Fourier-Transformed Infrared (FTIR) Spectroscopy
FTIR analysis showed significant reductions in the carbohydrate, protein and lipid contents of A. carterae, Diacronema sp. and R. violacea relative to their control treatments (Fig. 2) (ANOVA, F < 100.3, p < 0.05). Such variation was not as prominent for B. submarina and Stauroneis sp.
Spectrophotometry-Based Assays
Figure 3 summarises the antioxidant responses observed for the microalgae species tested in the presence and absence of H2O2. Overall, lower activities were recorded across the assays for the treatments in which the stressor was added, except for R. violacea (Student t test, p < 0.001). R. violacea returned significantly higher values (185 and 210 µmol Trolox eq/g DW under control and H2O2 condition, respectively) compared to the other strains for the FC assay (ANOVA, F = 131, p < 0.001). It also returned the highest antioxidant response with the TEAC assay when exposed to H2O2 (13.6 to 42.6 µmol Trolox eq/g DW). However, its responses with the DPPH and TBARS assays were the lowest. The latter assay showed distinct responses among the five microalgae species tested. Notably, significantly greater levels of malondialdehyde were observed in the control treatment for A. carterae and the stress treatment for Diacronema sp. (ANOVA, F = 46, p < 0.001).

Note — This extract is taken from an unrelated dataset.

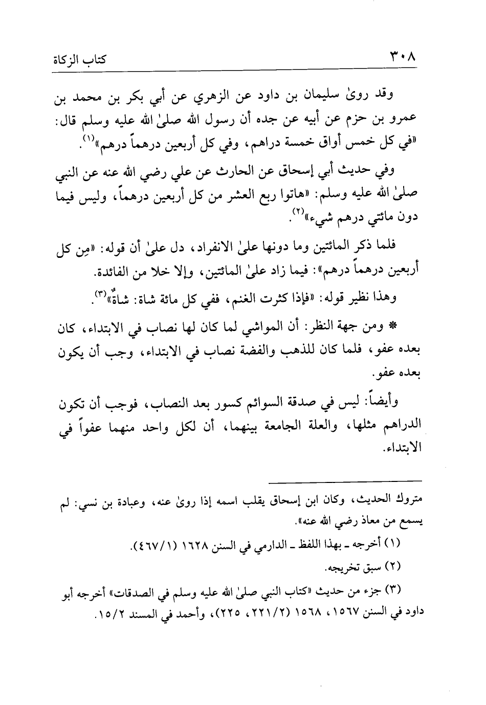 وقد روى سليمان بن داود عن الزهري عن أبي بكر بن محمد بن عمرو بن حزم عن أبيه عن جده أن رسول الله صلى الله عليه وسلم قال: "في كل خمس أواق خمسة دراهم، وفي كل أربعين درهمًا درهم".

Pigment Analysis by HPLC–UV-DAD
The physiological response of the strains to oxidative stress was assessed in relation to pigments. The H2O2 treatment typically caused a yield reduction of the major pigments in the strains tested (Fig. 4).
Chlorophyll a was detected in all the extracts, significantly more so for Diacronema sp., reaching 18.1 mg/g (ANOVA, F = 7, p < 0.005), while the chlorophyte B. submarina for the H2O2 treatment showed a doubling in chlorophyll b (up to 30.3 mg/g). β-carotene was also present in the extracts of the five strains tested, less in A. carterae and Stauroneis sp., but reaching up to 1.8 mg/g in B. submarina (ANOVA, F = 5, p = 0.001). Other carotenoids showed different responses to the H2O2 treatment. There was a 15-fold decrease in peridinin from 2.1 to 0.1 mg/g in A. carterae and significant reductions in the fucoxanthin yield of Diacronema sp. (3.8 to 0.3 mg/g) and lutein/zeaxanthin yield of B. submarina (1.3 to 0.5 mg/g) (Student t test, p > 0.05). However, H2O2 did not cause significant variations in the yields of fucoxanthin in Stauroneis sp. (0.7 mg/g) and zeaxanthin in R. violacea (0.8 mg/g).
FAME Analysis by Gas Chromatography-Mass Spectroscopy (GS-MS)
The FAME profile of the strains was determined for both the control and H2O2 treatments (Fig. 5). C16 and C18 were common to the five species analysed.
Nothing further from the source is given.